For those who have progressed to the proliferative stage of the disease, various treatment options are available to curtail the excess blood vessel growth. This can sometimes restore lost sight, provided the retina is still attached and is receiving a blood supply. Options include:

  • Anti-VEGF Injections. Anti-VEGF medications are injected directly into the eye to block a protein called vascular endothelial growth factor (VEGF), which stimulates the growth of abnormal blood vessels and causes fluid leakage. These injections are now one of the main treatments for diabetic macular oedema and some forms of advanced diabetic retinopathy, helping to reduce swelling, slow disease progression and preserve vision. Regular injections may be needed to maintain their effectiveness.
  • Steroid Injections. By injecting steroids in the vitreous gel inside the eye, the pressure can be reduced. This will help reduce inflammation and allow the blood vessels in the eye to heal.
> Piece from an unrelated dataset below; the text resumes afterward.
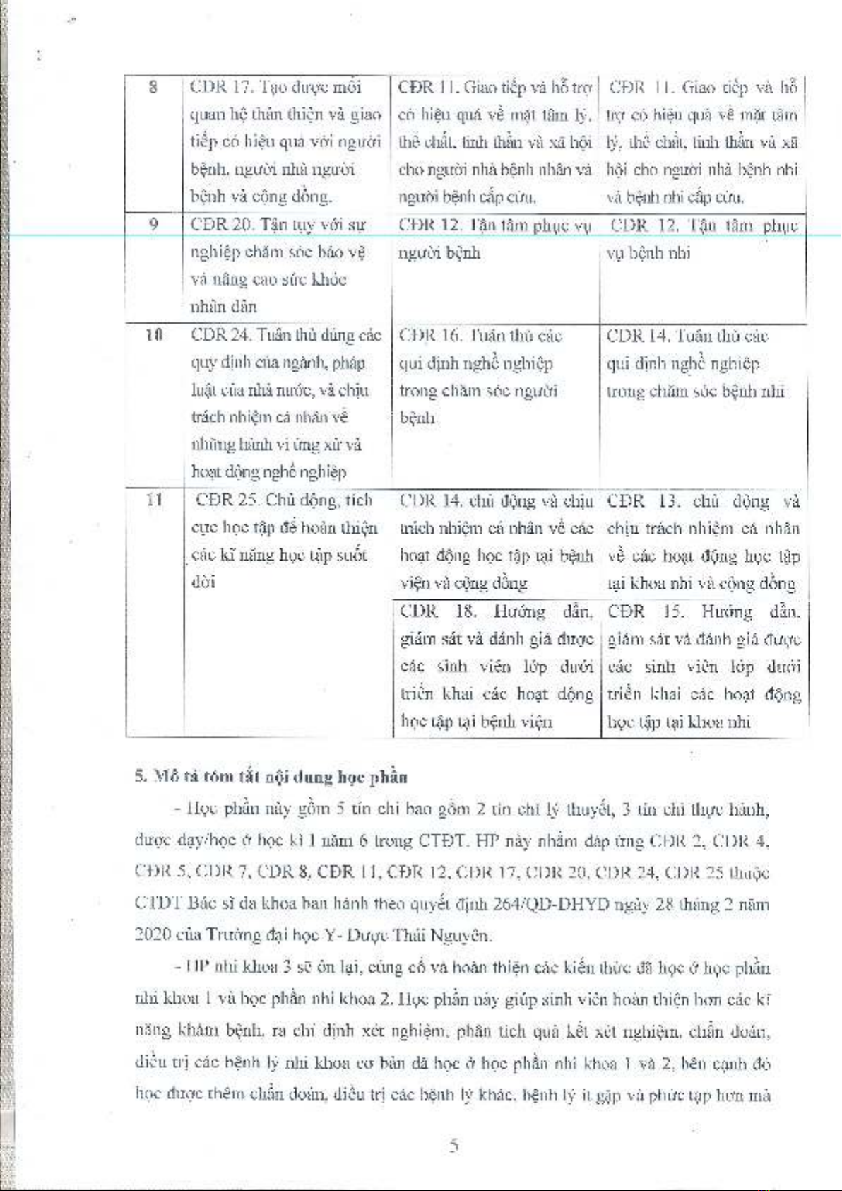 Học phần này cung cấp kiến thức về cách phân tích kết quả xét nghiệm, ra chỉ định xét nghiệm, chẩn đoán và điều trị các bệnh lý nhi khoa khác nhau. Sinh viên sẽ được huấn luyện để có thể áp dụng các kĩ năng khám bệnh, chẩn đoán và điều trị vào thực tiễn y tế. Học phần Nhi khoa 3 cho phép sinh viên hoàn thiện các kĩ năng khám bệnh, ra chỉ định xét nghiệm, phân tích quả kết xét nghiệm, chẩn đoán và điều trị các bệnh lý nhi khoa cơ bản đã học ở học phần Nhi khoa 1 và 2, bên cạnh đó học được thêm chẩn đoán, điều trị các bệnh lý khác, bệnh lý ít gặp và phức tạp hơn mà các học phần trước chưa được học.

  • Laser Treatments. A laser can sometimes be used to treat the overgrowth of blood vessels obscuring the retina. Laser treatment aims to reduce further vision loss and preserve existing sight. In some cases vision may improve, but the main goal is to prevent further damage. Whether or not you qualify for laser treatments depends largely on the severity of the disease, with those in the first three stages usually being better candidates than those with advanced disease.
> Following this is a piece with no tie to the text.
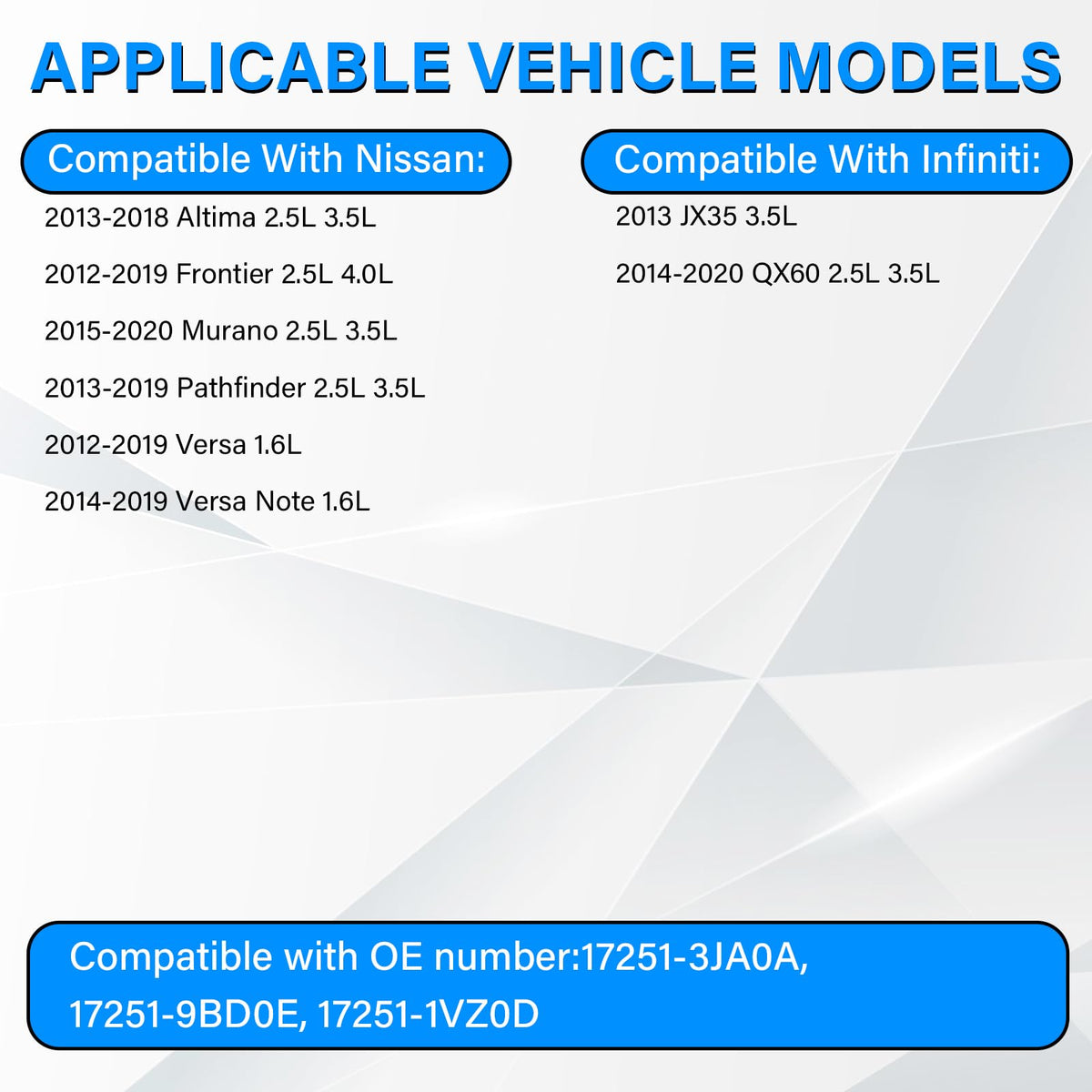 OE Part Numbers: 17251-3JA0A, 17251-9BD0E, 17251-1VZ0D. Ensure perfect compatibility by checking your vehicle's OE part number before purchase.

  • Surgical Intervention. Surgery can be used to clear away blood that has leaked into the vitreous gel or is obscuring the retina. Surgery can also be used to remove scar tissue if laser treatment is unsuccessful or the retinopathy has advanced too far for it to be effective. Surgery is often the last resort after all other options have been exhausted.

If you are diabetic and are concerned about the possibility of diabetic retinopathy, or you have already been diagnosed, understanding the disease, prevention and treatments is integral to your health. Diabetic retinopathy usually responds well to treatment and changes in lifestyle, meaning you can control the progression and outcome. 

If you have additional questions or are concerned you may be at risk, contact your optometrist, ophthalmologist, or general practitioner right away. Early detection is crucial to preserving the health of your eyes.